Why I wrote my first book, Follow the Dove.
It took me a long time to
write Follow the Dove, as I started when I was working from nine till five and also
had three
children to care for. I was really interested in crime, but I was pushed by my
fellow members of the Talking Volumes Writer's Circle to write something about
the island of my birth, Stroma, now deserted. I
couldn’t write a factual book because that has already been done. Since it’s a very small island and I couldn’t risk offending anyone, I didn’t want to write about Stroma by name, so I decided
on fictional island, with fictional people. I tried to use surnames that were never
common on Stroma. I toyed with all sorts
of ideas for a long time. An island
lends itself to a family saga. But they
say you should write the kind of thing you read. I don’t read family sagas. I read murder mysteries.

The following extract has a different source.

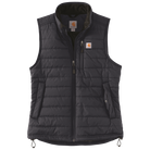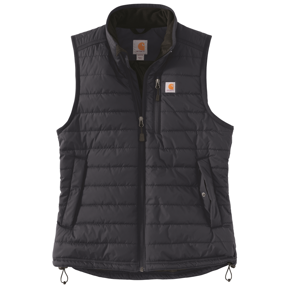 Unpredictable weather requires predictable protection. This women's insulated Carhartt vest is designed to keep you on task through wind and light rain. Its quilted nylon lining helps take the bite out cold weather, while the shell sheds light rain and blocks the wind. Multiple pockets inside and out give you plenty of secure storage options. ?1.75-ounce, 100% nylon Cordura® shell ?Quilted nylon lining for easy on and off; 100g polyester insulation for warmth ?Rain Defender® durable water repellent (DWR) keeps you dry and moving in light rain ?Wind Fighter® technology tames the wind ?Carhartt-strong, triple-stitched main seams ?Mock-neck collar ?Droptail hem for added coverage ?Left-chest map pocket; Two lower-front snap-button pockets ?Two lower front pockets with waterproof zip closures; Two inner hook-and-loop pockets ?Back length: Large regular: 28; Large tall: 30 ?Imported

While desperately looking for
an idea for this story, a woman from Canada, Isabella Moorland,
got in touch with me through a local forum. She was doing her genealogy and
couldn’t find a death certificate for her grandfather, a Stroma man. And, although I tried to help, we were never
able to discover the whereabouts of her grandfather’s grave.
But she told me what she knew.
Her grandfather married a girl from Orkney, and had four of a family. The eldest son joined the navy. The youngest was lost at sea. And with her two daughters, his wife packed
up and went to Canada to join her parents, and it appeared, she did this
without her man.
I got to thinking, what could
have happened to Isabella's grandfather?
Suddenly, I had my
characters. I started to write. And as I
wrote, the characters became real. This is not a murder mystery, but it is nonetheless a mystery. The
story is mainly about Isa and Davie.
I’ve given Isa a job with the Floating shops of Orkney, and I’ve made
Davie, a whisky runner.
And as the characters revealed
their story to me, all I had to do, was write it. I hope you enjoy.